KEEP_LAST=N vs KEEP_ALL + ResourceLimits.max_samples=N

12 posts / 0 new
Last post
Offline
Last seen: 11 months 4 days ago
Joined: 07/01/2016
Posts: 3
KEEP_LAST=N vs KEEP_ALL + ResourceLimits.max_samples=N

Hi,

Is there any difference between those two settings for a topic with one instance?

HistoryQosPolicy.kind = KEEP_LAST_HISTORY_QOS
HistoryQosPolicy.depth = N

and

HistoryQosPolicy.kind = KEEP_ALL_HISTORY_QOS
ResourceLimitsQosPolicy.max_samples = N
ResourceLimitsQosPolicy.max_samples_pre_instance = N

Best regards,
Rafał

Gerardo Pardo's picture
Offline
Last seen: 3 weeks 1 day ago
Joined: 06/02/2010
Posts: 601

Hi,

Yes it is quite different.

In the first case you are telling the middleware that it needs to only keep N samples (per instance) in its history. In other words as long as you have N samples the N+1 no longer matters. So if the DataWriter is writing faster than some of the DataReaders can handle, and/or some messages are "lost" by the network, the DataWriter will be OK replacing the old samples with newer ones even if some of the old samples have not been acknosledged by some of the reliable readers.

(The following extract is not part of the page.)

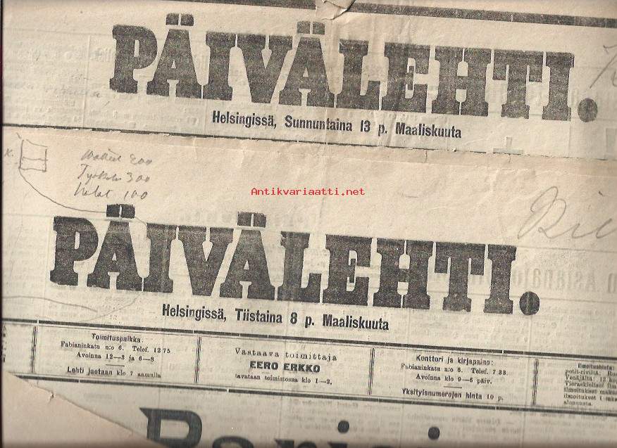 Päivälehti 6,8 ja 13.3.1898 sanomalehti yht 3 lehteä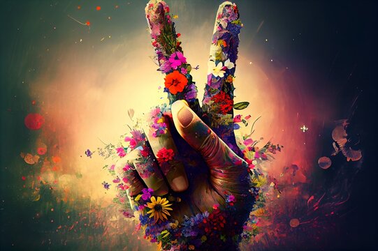 An illustration of a peace symbol with hands in graffiti art on a white background

On the second case you are saying that all samples matter. Nothing should be lost or replaced. You are setting a resource limit by which the DataWriter cannot hold more than N samples in its writer cache, but that gives no license for the DataWriter to lose (or replace) the old samples if the are still waiting to be delivered/acknowledged. In the scenario of a DataWriter writing faster than some of the subscribers can handle, and/or some messages being "lost" by the network, the DataWriter will block when you call the write operation (or return a TIMEOUT error)  when you try to write a sample if it cannot fit it into its cache because the samples there need to still be acknowledged by some of the reliable readers.  Effectively this creates a back-pressure similar to what TCP would give you so that the DataWriter will self regulate to send only as fast as the reliable readers can handle.

Gerardo

 

Offline
Last seen: 11 months 4 days ago
Joined: 07/01/2016
Posts: 3

So if the DataWriter is writing faster than some of the DataReaders can handle, and/or some messages are "lost" by the network, the DataWriter will be OK replacing the old samples with newer ones even if some of the old samples have not been acknosledged by some of the reliable readers.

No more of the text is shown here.